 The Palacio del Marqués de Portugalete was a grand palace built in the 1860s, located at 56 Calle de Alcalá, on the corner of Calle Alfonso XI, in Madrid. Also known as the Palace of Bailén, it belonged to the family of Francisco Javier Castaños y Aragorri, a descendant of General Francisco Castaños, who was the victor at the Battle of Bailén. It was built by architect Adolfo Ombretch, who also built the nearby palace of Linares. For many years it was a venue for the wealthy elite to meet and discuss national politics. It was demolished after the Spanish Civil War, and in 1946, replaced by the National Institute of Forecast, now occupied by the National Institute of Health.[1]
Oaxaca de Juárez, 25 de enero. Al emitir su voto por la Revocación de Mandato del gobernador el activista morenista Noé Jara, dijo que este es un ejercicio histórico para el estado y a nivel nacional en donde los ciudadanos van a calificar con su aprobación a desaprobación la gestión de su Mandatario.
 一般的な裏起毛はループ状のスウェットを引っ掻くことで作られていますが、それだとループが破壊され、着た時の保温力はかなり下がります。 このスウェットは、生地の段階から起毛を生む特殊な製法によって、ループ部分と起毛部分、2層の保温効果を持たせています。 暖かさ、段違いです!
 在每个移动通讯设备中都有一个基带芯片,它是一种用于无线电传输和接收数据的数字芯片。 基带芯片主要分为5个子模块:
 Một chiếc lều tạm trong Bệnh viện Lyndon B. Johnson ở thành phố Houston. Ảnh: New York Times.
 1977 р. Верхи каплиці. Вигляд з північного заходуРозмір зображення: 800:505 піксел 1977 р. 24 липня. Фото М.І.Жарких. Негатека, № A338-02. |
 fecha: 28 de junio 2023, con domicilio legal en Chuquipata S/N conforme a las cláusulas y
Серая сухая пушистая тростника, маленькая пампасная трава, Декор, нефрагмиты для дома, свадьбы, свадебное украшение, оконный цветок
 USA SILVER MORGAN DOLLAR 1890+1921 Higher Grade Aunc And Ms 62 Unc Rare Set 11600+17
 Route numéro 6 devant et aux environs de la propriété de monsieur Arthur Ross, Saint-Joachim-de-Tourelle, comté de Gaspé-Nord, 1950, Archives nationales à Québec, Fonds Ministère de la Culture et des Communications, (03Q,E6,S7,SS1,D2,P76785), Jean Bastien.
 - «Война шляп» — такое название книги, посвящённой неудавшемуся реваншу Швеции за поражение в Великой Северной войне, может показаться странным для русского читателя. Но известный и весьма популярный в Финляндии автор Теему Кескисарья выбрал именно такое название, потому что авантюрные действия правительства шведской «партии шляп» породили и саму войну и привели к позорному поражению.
•••••
Work request: Please write the full listing out again, exactly.

Response to the exercise:
 The Palacio del Marqués de Portugalete was a grand palace built in the 1860s, located at 56 Calle de Alcalá, on the corner of Calle Alfonso XI, in Madrid. Also known as the Palace of Bailén, it belonged to the family of Francisco Javier Castaños y Aragorri, a descendant of General Francisco Castaños, who was the victor at the Battle of Bailén. It was built by architect Adolfo Ombretch, who also built the nearby palace of Linares. For many years it was a venue for the wealthy elite to meet and discuss national politics. It was demolished after the Spanish Civil War, and in 1946, replaced by the National Institute of Forecast, now occupied by the National Institute of Health.[1]
Oaxaca de Juárez, 25 de enero. Al emitir su voto por la Revocación de Mandato del gobernador el activista morenista Noé Jara, dijo que este es un ejercicio histórico para el estado y a nivel nacional en donde los ciudadanos van a calificar con su aprobación a desaprobación la gestión de su Mandatario.
 一般的な裏起毛はループ状のスウェットを引っ掻くことで作られていますが、それだとループが破壊され、着た時の保温力はかなり下がります。 このスウェットは、生地の段階から起毛を生む特殊な製法によって、ループ部分と起毛部分、2層の保温効果を持たせています。 暖かさ、段違いです!
 在每个移动通讯设备中都有一个基带芯片,它是一种用于无线电传输和接收数据的数字芯片。 基带芯片主要分为5个子模块:
 Một chiếc lều tạm trong Bệnh viện Lyndon B. Johnson ở thành phố Houston. Ảnh: New York Times.
 1977 р. Верхи каплиці. Вигляд з північного заходуРозмір зображення: 800:505 піксел 1977 р. 24 липня. Фото М.І.Жарких. Негатека, № A338-02. |
 fecha: 28 de junio 2023, con domicilio legal en Chuquipata S/N conforme a las cláusulas y
Серая сухая пушистая тростника, маленькая пампасная трава, Декор, нефрагмиты для дома, свадьбы, свадебное украшение, оконный цветок
 USA SILVER MORGAN DOLLAR 1890+1921 Higher Grade Aunc And Ms 62 Unc Rare Set 11600+17
 Route numéro 6 devant et aux environs de la propriété de monsieur Arthur Ross, Saint-Joachim-de-Tourelle, comté de Gaspé-Nord, 1950, Archives nationales à Québec, Fonds Ministère de la Culture et des Communications, (03Q,E6,S7,SS1,D2,P76785), Jean Bastien.
 - «Война шляп» — такое название книги, посвящённой неудавшемуся реваншу Швеции за поражение в Великой Северной войне, может показаться странным для русского читателя. Но известный и весьма популярный в Финляндии автор Теему Кескисарья выбрал именно такое название, потому что авантюрные действия правительства шведской «партии шляп» породили и саму войну и привели к позорному поражению.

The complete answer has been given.